Now that you have talked to a person who has the license to sell property in Florida, or any other state, selling your first property and making it a rental property is not a joke you should make. Before you get too far, be sure you are well-equipped with the right knowledge and plan before even doing it.

Also, when you buy a property, one of the questions you have to ask yourself is, what are you looking for in a property? Is it a multifamily property? Or a single property? Always weigh these considerations, as these will play an important role in your final decision.

In addition, you should ask yourself what price range you have in mind, or are there any specifications you want in a property? Where do you want it located, or what’s the neighborhood should be? These are just some of the questions you need to answer first to yourself before anyone can make it more difficult to choose.

Like most investments, you should set a plan, organize, and how you can implement it while bolstering your chances of success. Buying your first rental property can be rewarding and fulfilling; the only problem is if you jump out of nowhere and have yourself a bad property. Once you’ve answered these questions, the next step is getting the numbers.

The Right Location

Location is the name of the game. If you ask any investor or realtor, location will be the major factor if your property can become a good rental property. For example, nobody wants to rent a property with a shaded neighborhood or a high crime rate. Remember, one of the essential features your rental property should have is safety and security.

In addition, nearness to any desirable location can add value to a property. A property near a shopping mall or a tourist destination might be a costly investment from the beginning. Still, if it’s near any tourist destination that can attract thousands of visitors to your area, then it’s safe to say this is a good way to invest in that property.

For example, if a property you’ve bought is near a tourist destination, it might not be a good option to make it a rental property. Instead, what you can do is make that property into a transient one. These can generate steady income streams as destinations in your area keep your property busy.

Becoming a Landlord

If you want to buy a property and make it a rental property, you should prepare to become a landlord. Being a landlord means different to other people, which is why you need to know what it takes to be a landlord to become an effective one.

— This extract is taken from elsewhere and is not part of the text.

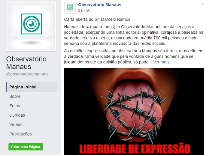 Confio na justiça, na liberdade de imprensa e de expressão. E enquanto o Observatório Manaus existir, a verdade será dita!”.
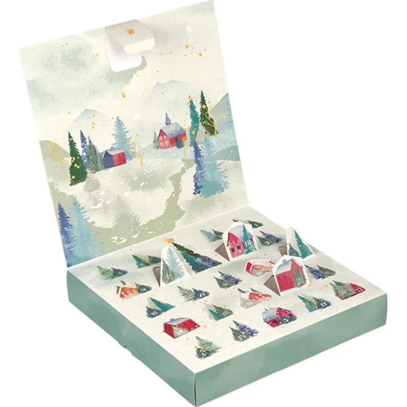 Coffret Vide Carton Carré Calendrier De l'Avent Campagne Enneigée

Being a landlord means going the extra mile for your property. What this means is you’ll be a plumber whenever there are any leaks. If the ceiling needs fixing, you must prepare all your tools to become a carpenter. A landlord’s duty is not only to get money off renters when renting their property, but it also means they can become the jack of all trades for their property.

More importantly, hiring a third-party property manager can help make your life easier when handling transactions, fixes, and many more if you are busy because you have a daytime job. These are professionals that are great at what they do. If your schedule is already busy and you don’t have the luxury of time in the world to answer queries by your tenants or do fixes, hiring a property manager is your best option.

Wrapping Things Up

There’s no recipe for success when buying your first rental property, and the keyword there is first, it means you have to experience everything to get a good idea of how these types of circumstances work.

While it can be quite challenging and overwhelming to start, by reading these guidelines and following these steps, you reduce your chances of not making it work and make your project work. Bumps and bruises are part of it, but the lessons you’ve learned are tools that should help you succeed in this type of investment you are going to make.